Solving the Olympic Ring Puzzle: Calculate Max Mass

[SuperHero]

So this is what i get:

mgcosθ + Fn = 2mg (R -Rcosθ) / R
Rmgcosθ + RFn = 2mgR - 2mgRcosθ
RFn = 2mgR - 3Rmgcosθ
RFn = (R) 2mg - 3mgcosθ
Fn = 2mg - 3mgcosθ

tada!

 

[haruspex]

So this is what i get:

mgcosθ + Fn = 2mg (R -Rcosθ) / R
Rmgcosθ + RFn = 2mgR - 2mgRcosθ
RFn = 2mgR - 3Rmgcosθ
RFn = (R) 2mg - 3mgcosθ
Fn = 2mg - 3mgcosθ

tada!

Good. So the forces on the ring are? And when you have that, at what angle theta is the tension minimised?

 

[SuperHero]

Good. So the forces on the ring are? And when you have that, at what angle theta is the tension minimised?

So the forces on the big ring are the 2 normal forces by the beads and the force of gravity. For the θ, r u supposed to know or calculate?

 

[haruspex]

So the forces on the big ring are the 2 normal forces by the beads and the force of gravity. For the θ, r u supposed to know or calculate?

We're not ready to determine theta yet. Just carry on using it as an unknown.
You missed out the tension. We're not ready to set that zero yet.
Write the equation for the vertical components of the forces.

 

[SuperHero]

Alright so for the verticle component of the ring we have

the two 2(Fn) towards the middle and the Fg as well as the tension so.

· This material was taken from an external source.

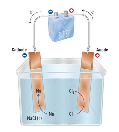 Elektrolisis leburan/lelehan/cairan: unsur-unsur yang terlibat dalam reaksi adalah kation, anion dan elektrodenya.

2(Fn = 2mg - 3mgcosθ) + T = Fg

 

[TSny]

Remember that the forces acting on the ring add together as vectors. So, you need to consider the vertical components separately from the horizontal components.

 

[SuperHero]

Remember that the forces acting on the ring add together as vectors. So, you need to consider the vertical components separately from the horizontal components.

ah, i see.
but doesn't me expression still go with your statement?

 

[haruspex]

Alright so for the verticle component of the ring we have

the two 2(Fn) towards the middle

Careful with the direction of Fn. As a force on the bead, you took the positive direction to be towards the centre of the circle. We're now dealing with the reaction force of the bead on the ring, so the direction is reversed. (But I see you have done that in the equation below.)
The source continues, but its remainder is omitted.